Hints and tips for I/O tuning

  • If Q2Q is much larger than Q2C, that means the application is not issuing I/O in rapid succession. hus, any performance problems you have may not be at all related to the I/O subsystem
  • D2C is very high, then the device is taking a long time to service requests. This can indicate that the device is simply overloaded (which may be due to the fact that it is a shared resource), or it could be because the workload sent down to the device is sub-optimal.
  • If Q2G is very high, it means that there are a lot of requests queued concurrently. This could indicate that the storage is unable to keep up with the I/O load.

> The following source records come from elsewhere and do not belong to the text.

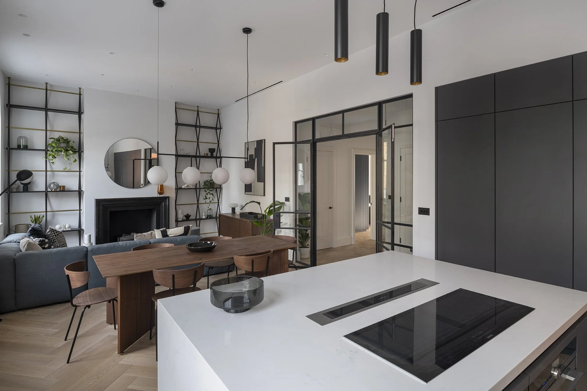 Stylish interior furniture and fittings have been selected to create calm and practical spaces. Interior crittall doors bring in light and zone spaces, whilst the joinery has been designed for efficient design layout.
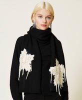 Actitude knitted scarf with handmade Cornely-effect star motif embroidery.
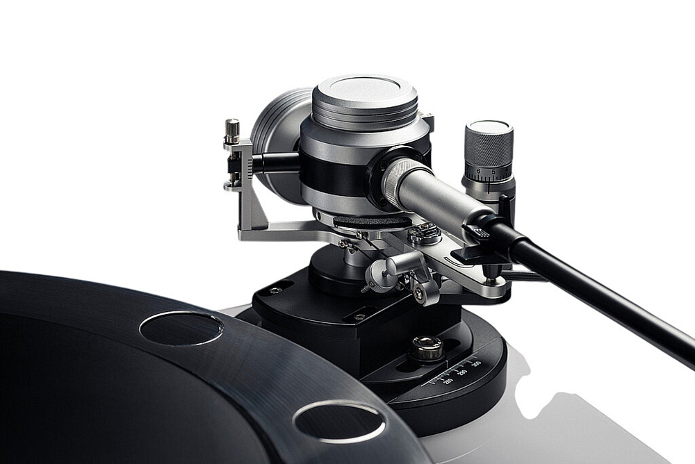 В верхней части подшипника установлен шарик, изготовленный из очень твердой и инертной керамики. В комбинации с тефлоновым основанием в качестве зеркала подшипника эта конструкция обладает хорошими демпфирующими свойствами. Гладкая тефлоновая поверхность обеспечивает исключительно плавное вращение без рокота. Опорный диск использует подвес из неодимовых магнитов. При этом маленькие магниты не оказывают влияния на звукосниматель, поскольку находятся далеко от него. Благодаря магнитному подвесу мы можем вращать диск очень большой массы, практически не создавая нагрузки на подшипник. При этом вращение не сопровождается рокотом. (Утяжеленный диск, как правило, создает высокий уровень рокота). Нагрузку на подшипник можно регулировать. Разные подходы позволяют по-разному справиться с этой задачей. На проигрывателях Forte она регулируется на слух согласно вашим индивидуальным предпочтениям.
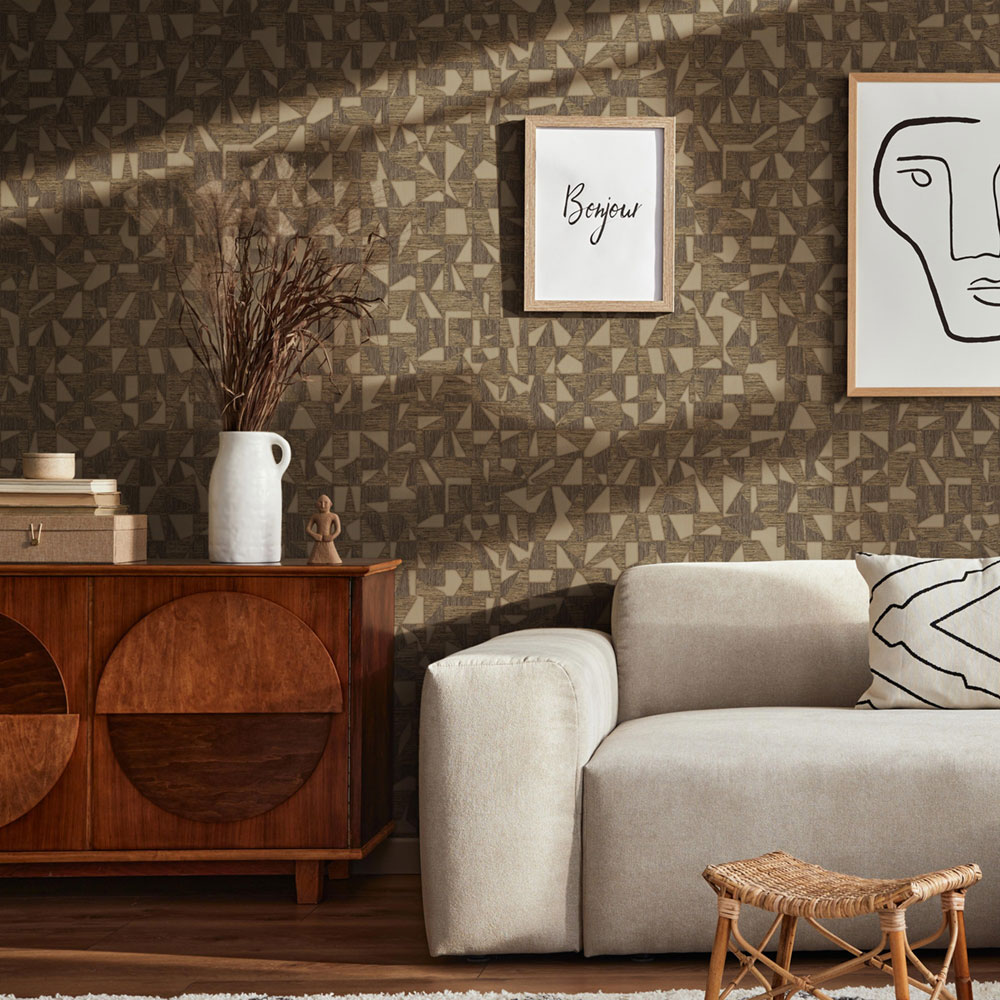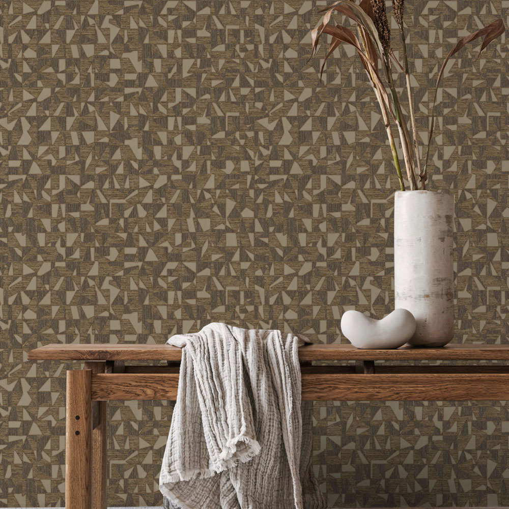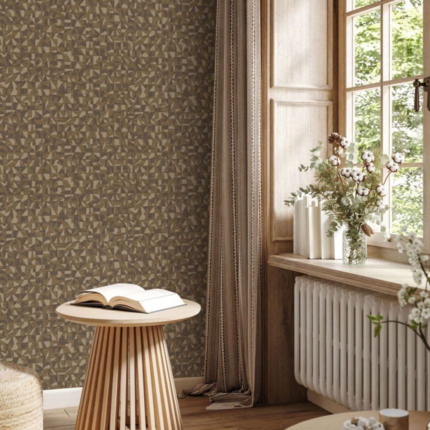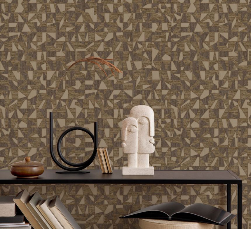 Geometrische Vliestapete mit Vinyloberfläche, effektvoller Strukturwechsel, Braun- und Goldtöne.

  • await in iostat output = Q2C = Q2I + I2D + D2C
  • Q2I + I2D == scheduler time
  • The I2D time can include a lot of apparent extra time due to plug and unplug events (not shown above) which are used to improve merging of io within the schedule sort queue
  • D2C time covers driver time, adapter time, transport time, and storage service time (and back)
  • So if D2C/Q2C is approaching to 1, it  means % time spent on storage component is high.
  • high D->C times, the underlying transport structure of storage needs to be examined, such as switch counters or maintenance interfaces for storage boxes themselves.